Reproduce. Can you trigger it deterministically? If not, gather more evidence. Do not guess.
Trace data flow. Where does the bad value originate? What called this with bad input? Keep tracing upstream until you find the source.

For multi-component systems (API, service, database, etc.):

Add diagnostic instrumentation at each boundary BEFORE proposing fixes
Log what enters and exits each component
Run once to gather evidence showing WHERE it breaks
THEN investigate the specific failing component

Output: "Root cause hypothesis: ..." — a specific, testable claim.

Phase 2: Pattern Analysis

Check if the bug matches a known pattern:

Pattern	Signature	Where to look
Race condition	Intermittent, timing-dependent	Concurrent access to shared state
Nil/null propagation	TypeError, undefined is not	Missing guards on optional values
State corruption	Inconsistent data, partial updates	Transactions, callbacks, hooks
Integration failure	Timeout, unexpected response	External API calls, service boundaries
Configuration drift	Works locally, fails in prod	Env vars, feature flags, DB state
Stale cache	Shows old data, fixes on clear	Redis, CDN, browser cache

Also check:

git log for prior fixes in the same area. Recurring bugs in one area = architectural smell.
Web search for {framework} {error type}. Sanitize first: strip hostnames, IPs, paths, customer data.

Phase 3: Hypothesis Testing

Before writing ANY fix:

Form a single hypothesis: "I think X is the root cause because Y"
Test minimally: smallest possible change to verify. One variable at a time.
Verify: did it work? Yes = proceed to Phase 4. No = new hypothesis.

3-Strike Rule

If 3 hypotheses fail, STOP. This is likely architectural, not a simple bug.

Present the escalation:

3 hypotheses tested, none match. This may be architectural.
A) Continue — I have a new hypothesis: [describe]
B) Escalate — needs someone who knows the system
C) Add logging — instrument the area, catch it next time

Phase 4: Scope Lock

After forming root cause hypothesis, restrict edits to the affected module.
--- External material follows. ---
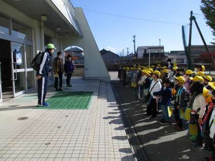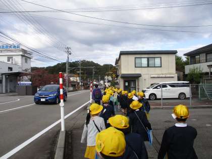 今日は、秋晴れの気持ちの良い日でした。登校後、てきぱきと探検バッグと水筒を準備した子供たち。この日を心待ちにしていた気持ちが伝わってきました。みんなで交通ルールを守って安全に目的地まで歩きました。

Identify the narrowest directory containing the affected files. Report to the user:

Edits restricted to <dir>/ for this debug session. Prevents accidental changes to unrelated code.

Do not touch files outside the locked scope without explicit user approval.

Phase 5: Implementation

Fix the root cause, not the symptom. Smallest change that eliminates the actual problem.
Minimal diff. Fewest files, fewest lines. Do not refactor adjacent code.
Write a regression test that:
- FAILS without the fix
- PASSES with the fix
Run the full test suite. No regressions.
Blast radius check: if the fix touches >5 files, flag it.

Bounded Retry

After implementing a fix, run tests.
If tests still fail: analyze the failure, fix (attempt 1).
If still failing: one more attempt (attempt 2).
If still failing: STOP and escalate. Do NOT attempt fix #3 without discussing architecture.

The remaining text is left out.